#### TASK TO COMPLETE
Copy the data that follows exactly, and include none of its images.

#### COLLECTED MATERIAL
______________________________

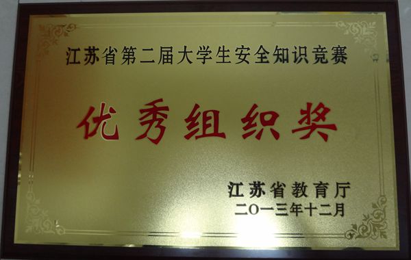 近日,从省教育厅传来喜讯,我校荣获江苏省第二届大学生安全知识竞赛优秀组织奖。今年9月至12月,省教育厅在全省高校举办了大学生安全知识学习和竞赛活动,为进一步加强大学生安全教育,普及安全知识,同时也为了提高大学生安全防范意识和自护自救能力,我校积极组织2013级学生参加活动。活动期间专门邀请有关专家举行安全和法制教育知识讲座,保卫处、学工处和各二级学院还结合实际开展了大学生喜闻乐见的系列安全和法制教育活动,取得了良好的成效。
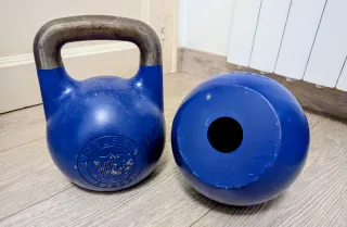Vendo 2 Kettlebells (Pesas Rusas) de competición de 12kg cada una. Son de la marca Kettlebell Kings, el estándar de oro en pesas rusas (superiores a Rogue o marcas genéricas). Detalles: Marca: Kettlebell Kings. Modelo: Competición (Acero, color Azul oficial). Estado funcional: 10/10. Estructuralmente están perfectas, base plana y equilibrio exacto. Estado estético: Tienen marcas de uso normales. La pintura tiene algunos saltos por el choque entre ellas al hacer ejercicios dobles (ver fotos) y las asas tienen la pátina típica del acero desnudo, lo cual garantiza un agarre excelente. Compradas hace un año y medio.
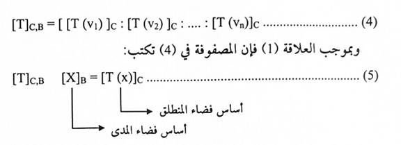 سنرمز لهذه المصفوفة بالرمز C, B[T]. لذا فإن العلاقة (3) تكتب بالشكل:

______________________________

#### ANSWER TO THIS EXERCISE
 近日,从省教育厅传来喜讯,我校荣获江苏省第二届大学生安全知识竞赛优秀组织奖。今年9月至12月,省教育厅在全省高校举办了大学生安全知识学习和竞赛活动,为进一步加强大学生安全教育,普及安全知识,同时也为了提高大学生安全防范意识和自护自救能力,我校积极组织2013级学生参加活动。活动期间专门邀请有关专家举行安全和法制教育知识讲座,保卫处、学工处和各二级学院还结合实际开展了大学生喜闻乐见的系列安全和法制教育活动,取得了良好的成效。
Vendo 2 Kettlebells (Pesas Rusas) de competición de 12kg cada una. Son de la marca Kettlebell Kings, el estándar de oro en pesas rusas (superiores a Rogue o marcas genéricas). Detalles: Marca: Kettlebell Kings. Modelo: Competición (Acero, color Azul oficial). Estado funcional: 10/10. Estructuralmente están perfectas, base plana y equilibrio exacto. Estado estético: Tienen marcas de uso normales. La pintura tiene algunos saltos por el choque entre ellas al hacer ejercicios dobles (ver fotos) y las asas tienen la pátina típica del acero desnudo, lo cual garantiza un agarre excelente. Compradas hace un año y medio.
 سنرمز لهذه المصفوفة بالرمز C, B[T]. لذا فإن العلاقة (3) تكتب بالشكل:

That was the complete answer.